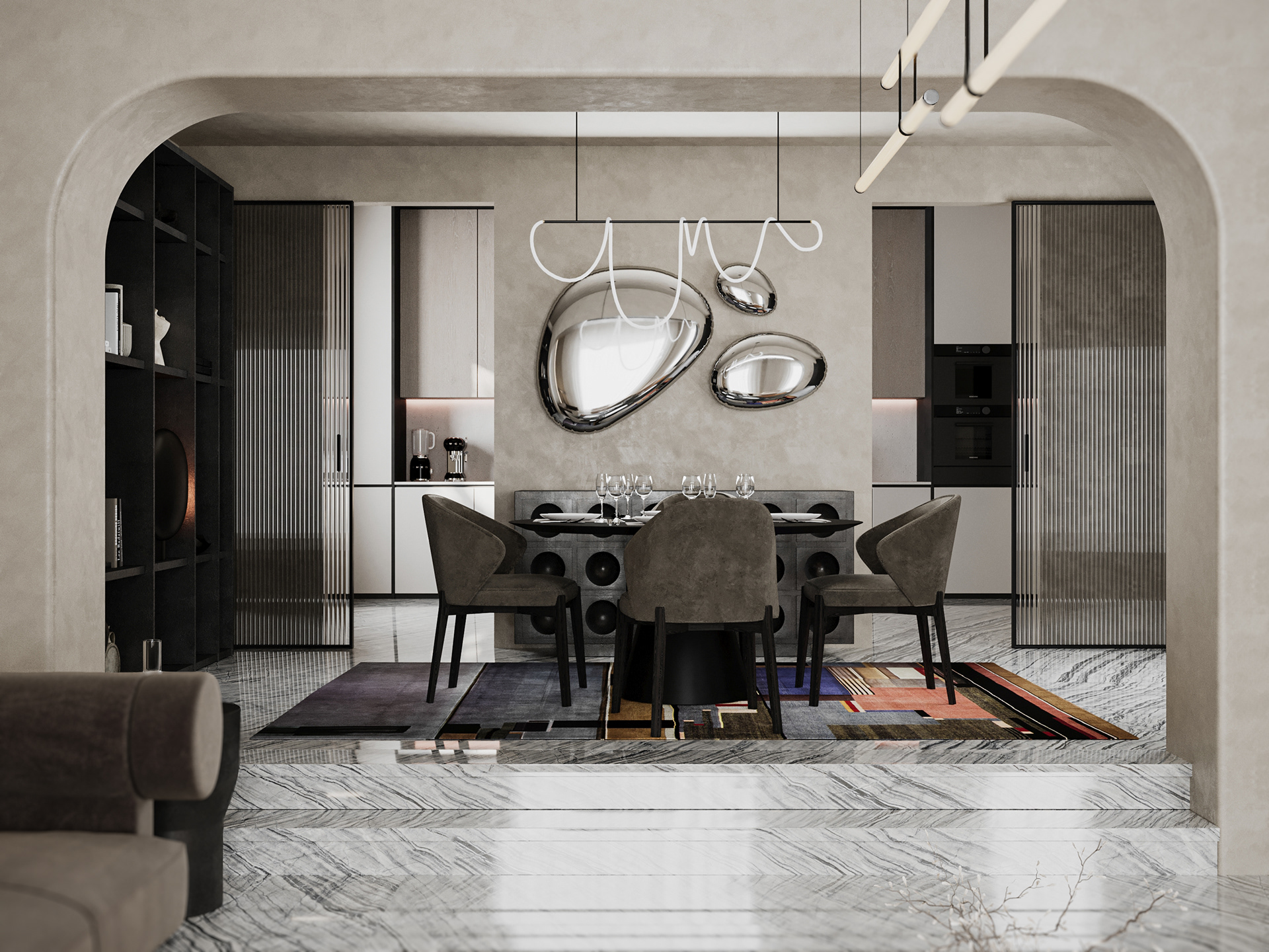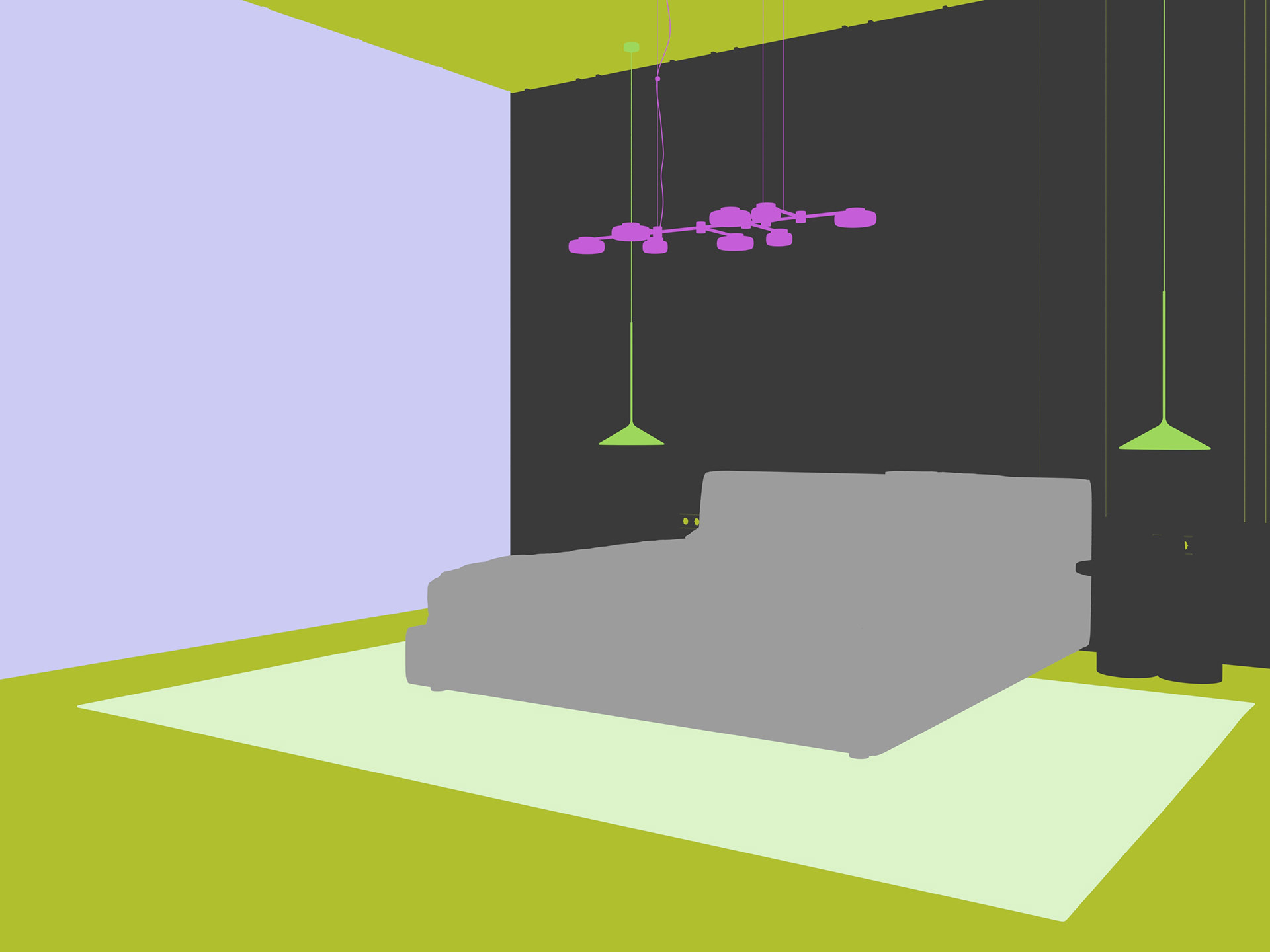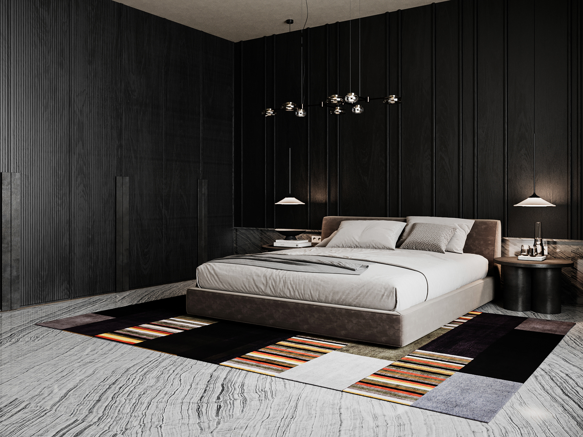 As part of the workflow, mask outputs from the 3D software were generated to isolate the rugs as independent elements. This allowed quick replacement or overlay of new rug designs in Photoshop, while keeping the rest of the scene intact and untouched.
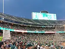 In response to the team's planned relocation to Las Vegas, Athletics fans would hold a protest during the team's April 28 home game against the Reds, holding up signs that read "Sell", "Stay", "#FisherOut", "Kaval=Liar" and "Sell the Team" with the latter chanted in the stands along with "Stay in Oakland" (the same phrase used by Oakland Raiders fans urging the team to remain in Oakland prior to the team's move to Las Vegas). Controversially, the official MLB broadcast of the game cropped out these signs leading the league to apologize, "We were unaware of the edit. When it came to our attention, we corrected it as it isn't consistent with our policy" said a spokesperson.[51][52]
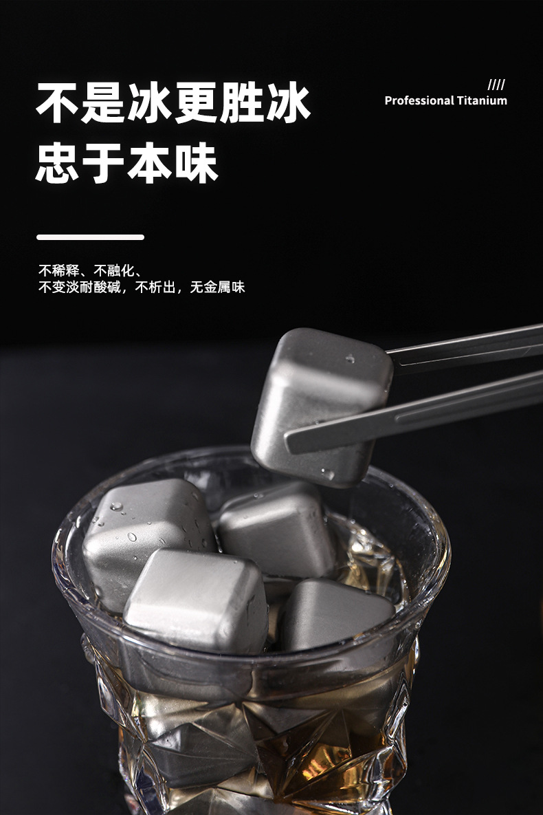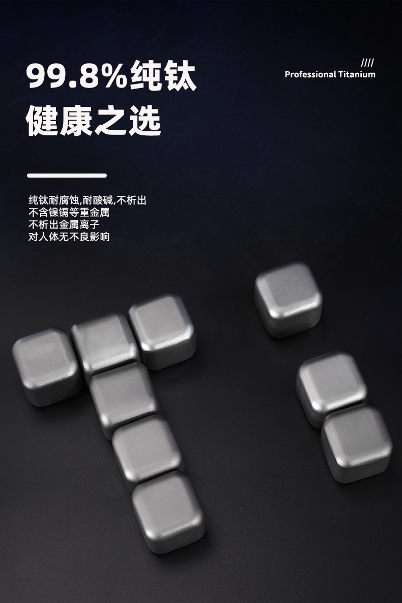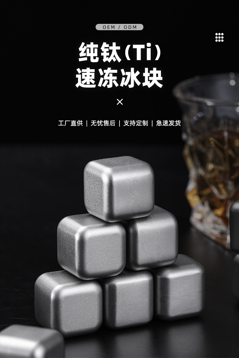 순수한 티타늄 얼음 블록 가정용 빠른 냉동 위스키 Icum 와인 스톤 창조적 인 재활용 빠른 냉동 순수 티타늄 금속 얼음 과립
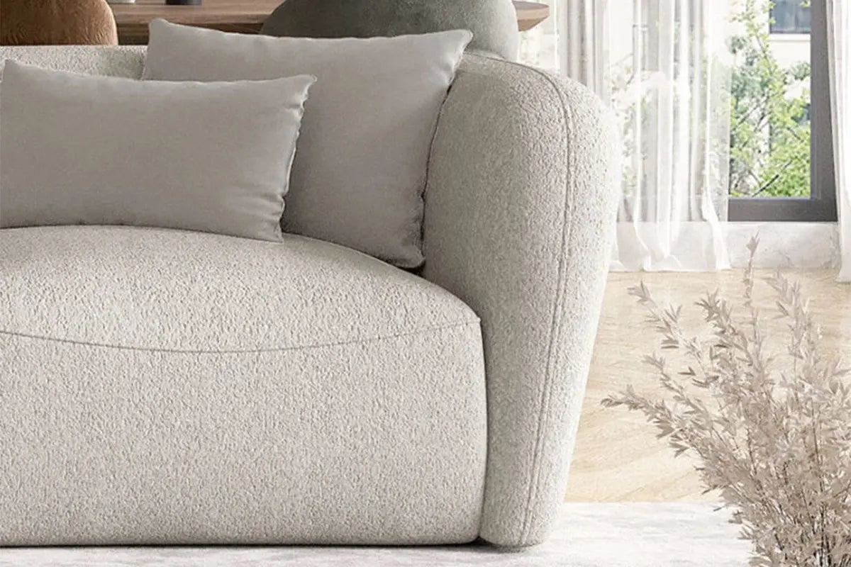 Avec son design "cloud" aux formes généreuses et son revêtement en tissu bouclé, le canapé CANDELO L est une invitation à la créativité et au confort absolu.
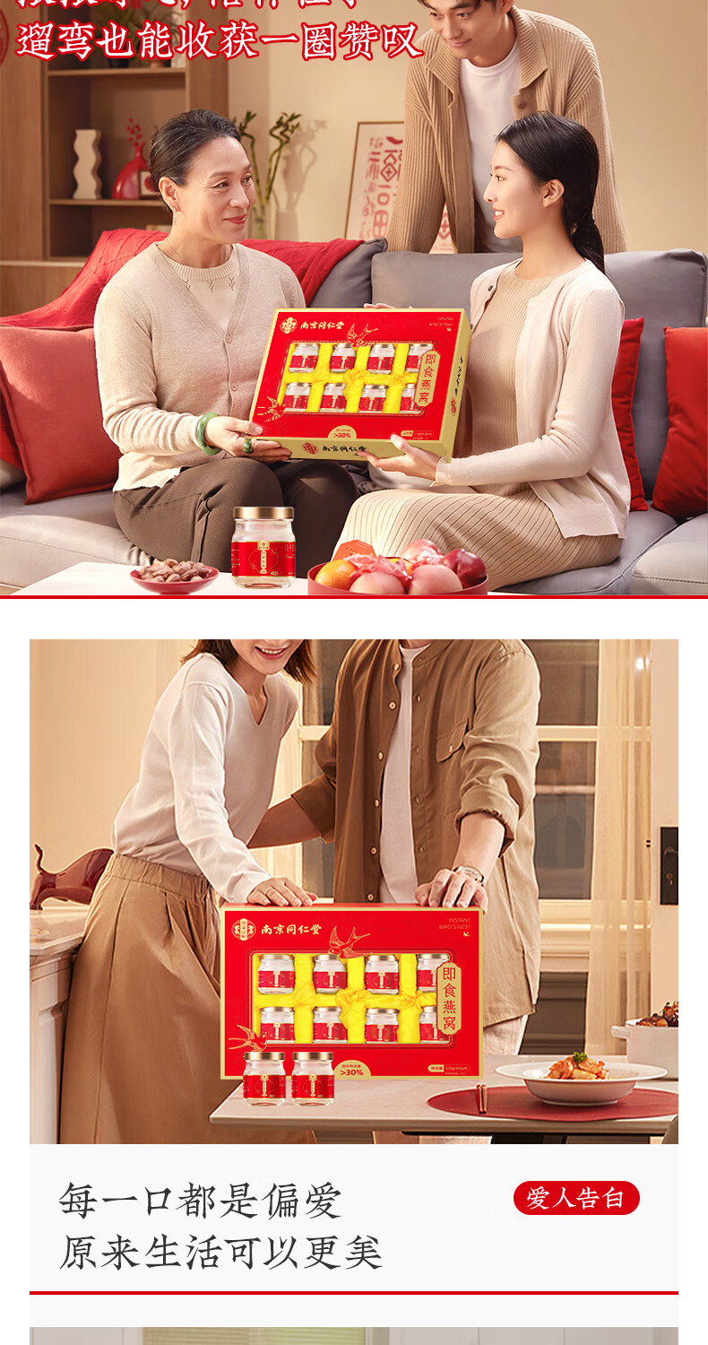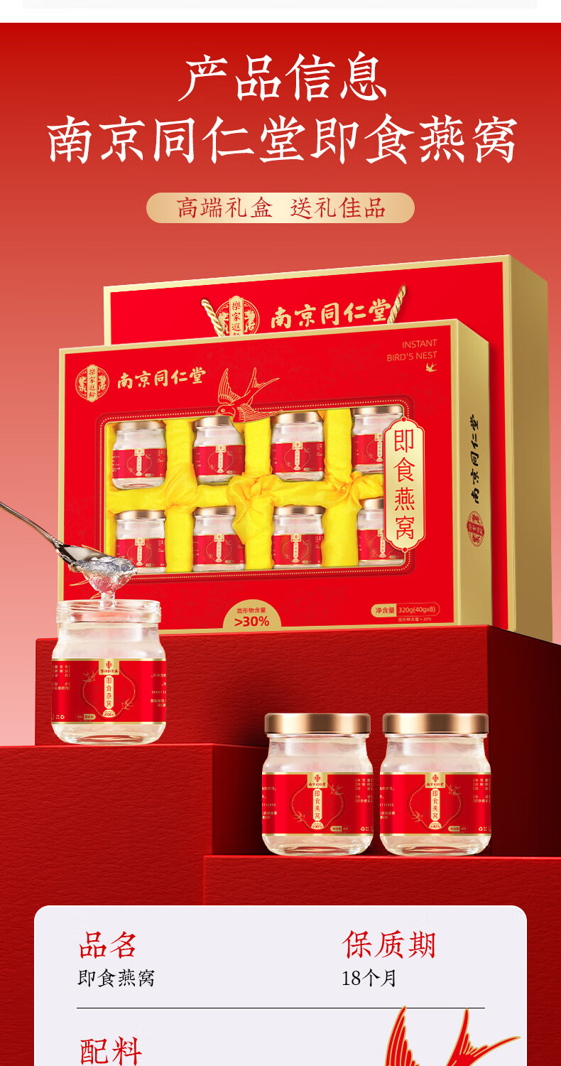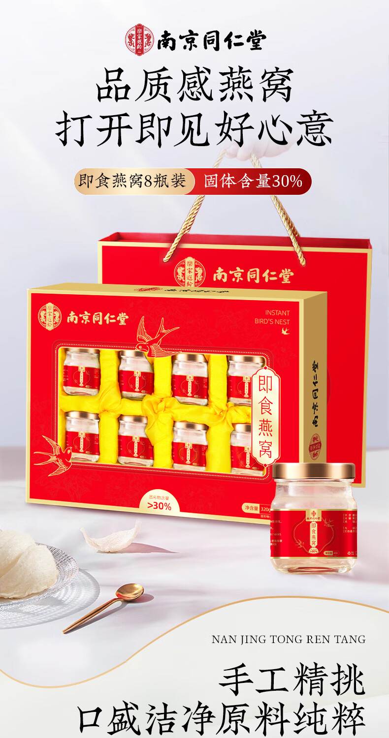 同仁堂 即食燕窝礼盒8瓶装 进口金丝燕低糖低脂 孕产妇坐月子滋补品送父母长辈营养品妈妈生日的礼物
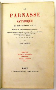 Curiosa - Le Parnasse satyrique du dix-neuvième siècle. Recueil de vers piquants et gaillards de Béranger, V. Hugo, E. Deschamps, A. Barbier, A. de Musset, Barthélemy, Protat, G. Nadaud, de Banville, Baudelaire, Monselet (...). Rome, A l'enseigne...
----------------
#### [Task directions]
Set down the entries above exactly; no pictures belong in the copy.

#### [Your solution]
 As part of the workflow, mask outputs from the 3D software were generated to isolate the rugs as independent elements. This allowed quick replacement or overlay of new rug designs in Photoshop, while keeping the rest of the scene intact and untouched.
 In response to the team's planned relocation to Las Vegas, Athletics fans would hold a protest during the team's April 28 home game against the Reds, holding up signs that read "Sell", "Stay", "#FisherOut", "Kaval=Liar" and "Sell the Team" with the latter chanted in the stands along with "Stay in Oakland" (the same phrase used by Oakland Raiders fans urging the team to remain in Oakland prior to the team's move to Las Vegas). Controversially, the official MLB broadcast of the game cropped out these signs leading the league to apologize, "We were unaware of the edit. When it came to our attention, we corrected it as it isn't consistent with our policy" said a spokesperson.[51][52]
 순수한 티타늄 얼음 블록 가정용 빠른 냉동 위스키 Icum 와인 스톤 창조적 인 재활용 빠른 냉동 순수 티타늄 금속 얼음 과립
 Avec son design "cloud" aux formes généreuses et son revêtement en tissu bouclé, le canapé CANDELO L est une invitation à la créativité et au confort absolu.
 同仁堂 即食燕窝礼盒8瓶装 进口金丝燕低糖低脂 孕产妇坐月子滋补品送父母长辈营养品妈妈生日的礼物
 Curiosa - Le Parnasse satyrique du dix-neuvième siècle. Recueil de vers piquants et gaillards de Béranger, V. Hugo, E. Deschamps, A. Barbier, A. de Musset, Barthélemy, Protat, G. Nadaud, de Banville, Baudelaire, Monselet (...). Rome, A l'enseigne...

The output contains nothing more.